Like Apiata Tuihalamaka, a fellow resident of California and recruit of the Huskers, the best thing Martin likes about playing football versus Rugby are the pads that don't protect the other guy, but himself instead. "Hey, you hit someone in Rugby, sometimes that hurts you almost as much as it does them," he said. "But in football, you got all those pads on – man, you can just unload."

"That's what I like to do. It's just great to really get out there and hammer someone into the ground. I just love contact."

It shouldn't be considered a coincidence that Coleman's first official visit is going to take place at Nebraska, somewhere in the month of September. It's darn early for anyone to schedule their official visits, but Coleman didn't see the need to wait. He plans on visiting Nebraska, but he plans on visiting Miami (Florida) as well, though, that one hasn't been scheduled as of yet.

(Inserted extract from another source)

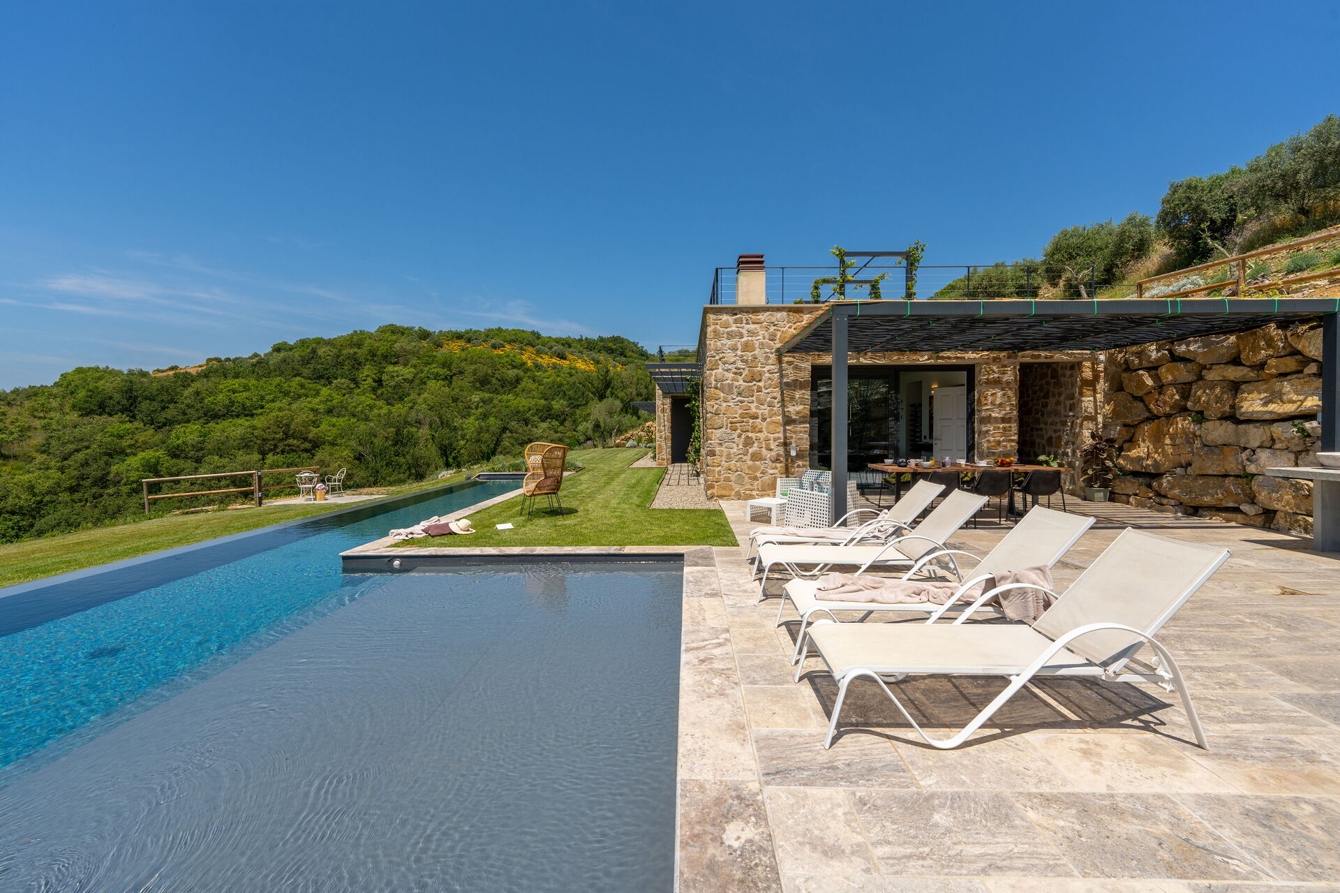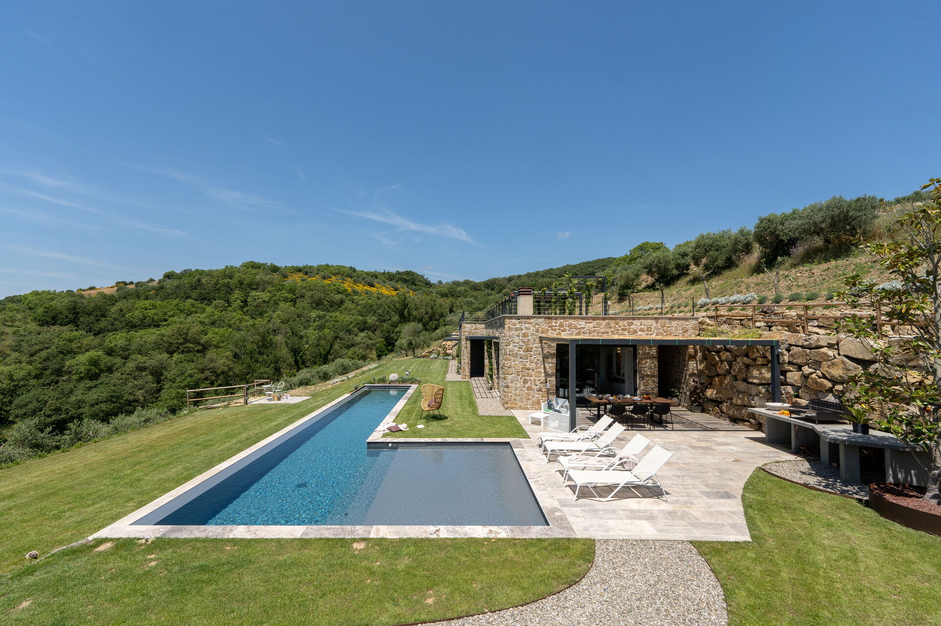 Garden: swimming pool (private, length: 2.7m, width: 16.5m, depth: 1.5m, outdoor, heated), shower, WIFI internet, barbecue, al fresco dining, dining table (people: 10), garden furniture, sunbed, enclosed property.

You can throw in a camp visit to USC, plus Coleman said that he's pretty interested in the University of Hawaii and you might not be surprised at the reason. "I miss the food," Martin said of his favorite Tongan dishes he's not had since coming to the United States, which include Lu and Topai, both recipes which include Coconut Milk, the most popular ingredient in Tongan food. "I miss the Islands, basically, and everyone there, but I really miss the food."

For someone 6 foot, 6 inches tall and just a shade under 300 pounds, food is going to be a big deal. But Martin insists that ultimately it won't be his stomach that will do the talking. "The academics mean a lot to me, because I want to get a degree," he said. "And I just want to play and have fun."

What Coleman doesn't have, at least right now, when it comes to his criteria is something that most kids in this country can't say: A predisposition of who his favorite teams are

Having only been in the country for a year, there are no favorites. In fact, Martin says that he knows next to nothing about the culture of America, much less who its college football teams are. "I'm just learning all that stuff, because it's all really new to me, at least living here," he said. "My dad (who is American) has parents who live in Sidney, Nebraska, but I don't know a lot about everything around here."

"I'm picking all of that up from people like my family and my coaches like coach Peter and I know I will learn a lot more as I live here longer."

From a Husker perspective, at least for the fans, there are plenty of connections that make this native of Tonga almost an honorary member of the big red. Whether or not that will be official in the future, only time will tell. Aside from the visits, Nebraska's offer is joined by Oregon State, Utah, Ole Miss and most recently Arizona and Arizona State.

Coleman is liking the choices, but right now he's just overwhelmed that he has so many choices to make. "Dude, all this has me so pumped," he said. "Only being here a year, only playing football a year and already getting all this attention – it's a pretty crazy thing."

"I'm loving it, but I know I have to be smart about it, because this is about my future here in this country. It's a lot of fun, though. I am having a lot of fun."